Фон Эндер потел и молча шевелил усами. Требование больше вешать для него не ново. Об этом неоднократно говорилось в инструкциях райхскомиссариата. Там даже подчеркивалось, что «повешение большими группами, особенно на балконах жилых домов, является самым эффективным действием для пресечения саботажа». Однако три дня тому назад он получил новое совершенно секретное предписание, в котором настоятельно рекомендовалось каждого, кто выдаст партизан или назовет фамилии лиц, связанных с партизанами, «всемерно поощрять продуктами, товарами, наделять землей». Фон Эндер прямо терялся от этих противоречий в наставлениях: тут тебе и забирать все, уничтожать всех, тут тебе и всемерно поощрять, наделять землей.

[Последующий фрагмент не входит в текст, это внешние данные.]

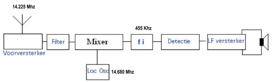 Nadeel: de spiegelfrequentie wordt ook ontvangen en het ligt aan de kwaliteit van het MF filter of deze spiegelfrequentie uitgefilterd wordt.
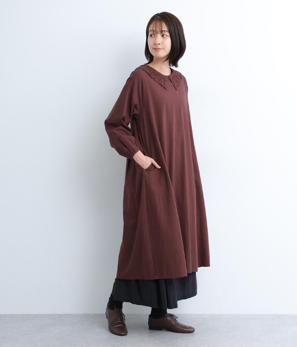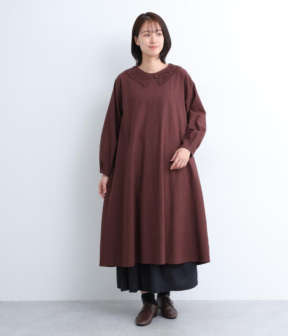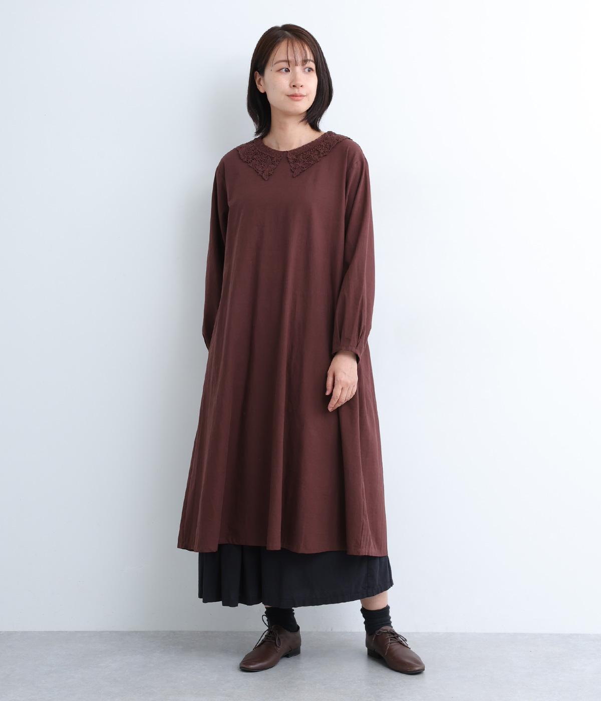 レースカラーがクラシカルでかわいらしい印象のワンピースです。背面はボタン留めで、腰部分のタックがきれいな落ち感を生み出します。ボトムスや羽織ものと合わせて重ね着も◎。スタイリングの幅が広がる一枚です。
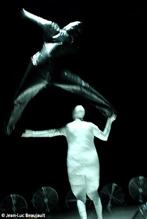 Au centre d’une arène de ventilateurs, une silhouette informe scotche au sol des bouts de sacs plastique : une marionnette en devenir, qui, sous l’effet des courants d’air, s’envolera dans d’époustouflantes arabesques. Non identifiable sous un étouffant costume prêt à imploser, Phia Ménard vide ses poches de nouveaux sachets de plastique, et regarde les poupées de polymère danser dans l’air. Peu à peu, ce sont des mues que l’artiste fait valser, se dépouillant de peaux subsidiaires (bâche noire, vinyle blanc, élastomère couleur chair), jusqu’à sortir ses tripes, pour mieux se mettre à nu.
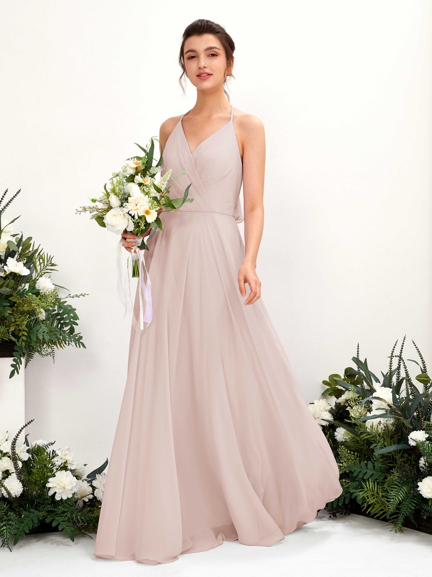Carlyna Launo A-Line Champagne Rose Bridesmaid Dress Maxi Sleeveless V-Neck Dress Front View

Грозный фюрер из киевского гестапо вновь ошеломил нерасторопного фастовского гебитскомиссара. Взглянув на только что поданную адъютантом оперативную сводку о количестве боев с партизанами за последнюю неделю, он подскочил, как ужаленный:
— O, mein Gott!..[4]
Что же вы делаете? Ведь вы мне тут второй фронт открыли!..Фон Эндер молчал, хотя и считал упрек явно несправедливым. Разве только на Фастовщине партизаны? А на Черкасщине и Житомирщине их разве меньше? Ведь сам знает, что партизаны есть всюду, на всем Левобережье Украины. Даже целые дивизии не справляются с ними. А тут дали два полка на район и хотят, чтобы партизан не было.
Но фон Эндер не посмел возражать грозному оберштурмбанфюреру. Возражать начальнику — все равно что плевать против ветра. Стараясь выглядеть внимательным и исполнительным, он, как солдат, то и дело щелкал каблуками, усиленно подтягивал свой мешковатый живот, отчего становился еще более смешным.
На столе перед киевским гестаповцем лежала толстая папка — дело, заведенное на профессора Буйко. Гестаповец долго и внимательно всматривался в фотографию седого врача, так быстро завоевавшего широкую популярность среди населения.
— Где он?
— Он болен, герр оберштурмбанфюрер.
— У вас тут все прикинулись больными.
— Нет, нет, он в самом деле болен, — неизвестно откуда появилась смелость у фон Эндера. — Уже месяц лежит.
— Целый месяц?
— Да, герр оберштурмбанфюрер. Я лично проверил.
Он стремился хотя бы в этом не уронить своего престижа, тем более, что он действительно сам следил за каждым шагом профессора и знал о нем значительно больше, чем даже уполномоченный из гестапо — личный помощник оберштурмбанфюрера. И, хотя никаких достоверных доказательств, порочащих Буйко, не было, тем не менее, как бы перехватив мысль киевского гестаповца, чтобы доказать ему свое усердие, фон Эндер поспешил предложить:
— Надо убрать. Нечего с ним нянчиться.
— Нет, — неожиданно возразил оберштурмбанфюрер. — Ни в коем случае не трогать. Я сам им займусь.
После отъезда чрезвычайной комиссии в городе наступила тишина. Все ожидали бури, но неожиданно для всех воцарились дни полного спокойствия. Даже мобилизация прекратилась.
Люди почувствовали себя смелей, начали появляться на улицах, выходили на базар. Распространялись даже слухи, будто киевская комиссия едва не сняла с должности и самого фон Эндера за жестокое обращение с населением. И люди хотели верить этим слухам. Ибо разве можно допустить, чтобы такое бесправие долго существовало?
Профессор уже второй месяц был прикован к постели. Первые две недели после возвращения из Мохначковского леса он лежал в больнице в таком состоянии, что друзья даже потеряли надежду на его выздоровление. Теперь ему стало легче. Нужен был только покой. Однако глухое затишье, наступившее в городе, тревожило профессора. Он чувствовал, что гестаповцы готовят народу какую-то новую западню. Но какая это западня — не мог разгадать.